Description (last modified by harpocrates)

This came up while investigating the compile times of Happy grammars: https://github.com/simonmar/happy/issues/109. GHC 8 and later take a lot longer to compile grammars with types that rely on PartialTypeSignatures and have lots of wildcards.

There is an example repo (https://github.com/wiz/too-happy) in that thread containing a grammar whose generated code has lots of wildcards.

On my laptop, the project takes about 25 seconds to compile on 7.10.3. With 8.0.2, 8.2.2, and HEAD it takes on the order of 4 minutes.

Attachments (1)

Grammar.hs (243.0 KB) - added by harpocrates 23 months ago.

Download all attachments as: .zip

Change History (20)

comment:1 Changed 23 months ago by simonpj

a grammar whose generated code has lots of wildcards.

Would be possible to upload a standalone example? Perhaps just grab the offending generated file, remove unnecessary imports...

comment:2 Changed 23 months ago by harpocrates

Description: modified (diff)

Changed 23 months ago by harpocrates

Attachment: Grammar.hs added

comment:3 Changed 23 months ago by harpocrates

I've distilled the repo down to a single file. In the process, I've realized that the problem is actually not related to PartialTypeSignatures! On my machine:

$ time ghc-7.10.3 Grammar.hs
17.71s user 1.30s system 97% cpu 19.543 total

$ time ghc-8.0.2 Grammar.hs
139.23s user 1.77s system 99% cpu 2:22.31 total

$ time ghc-8.2.2 Grammar.hs
127.42s user 1.53s system 98% cpu 2:11.08 total

$ time ghc-head Grammar.hs
130.42s user 1.06s system 99% cpu 2:12.58 total

comment:4 Changed 23 months ago by harpocrates

Summary: Hole-y partial type signatures lead to slow compile timesSlow compile times for Happy-generated source

comment:5 Changed 23 months ago by simonpj

Type of failure: None/UnknownCompile-time performance bug

comment:6 Changed 23 months ago by simonpj

Thanks for distilling it. Ben and colleagues: worth looking into this to characterise what's going on. Thanks.
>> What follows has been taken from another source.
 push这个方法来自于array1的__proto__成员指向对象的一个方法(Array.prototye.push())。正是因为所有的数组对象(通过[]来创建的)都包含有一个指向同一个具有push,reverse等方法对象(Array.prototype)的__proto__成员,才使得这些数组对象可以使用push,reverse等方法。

comment:7 Changed 23 months ago by cblp

Cc: cblp added

comment:8 Changed 23 months ago by bernie

I believe this issue is causing a massive slow down in the compilation of the language-python library (https://github.com/bjpop/language-python). It used to take a couple of minutes to compile the library, now it takes 7 hours with ghc 8.2.1.

comment:9 Changed 23 months ago by bgamari

Cc: tdammers added
Milestone: 8.4.1
Priority: normalhigh

Tobias, perhaps you want to have a look at this when you are done with your current task?

comment:10 Changed 23 months ago by simonmar

Cc: simonmar added

comment:11 Changed 23 months ago by tdammers

First thing that stands out here is long lists of type vars in the generated code. Maybe something similar to #7258 is going on here? Going to investigate.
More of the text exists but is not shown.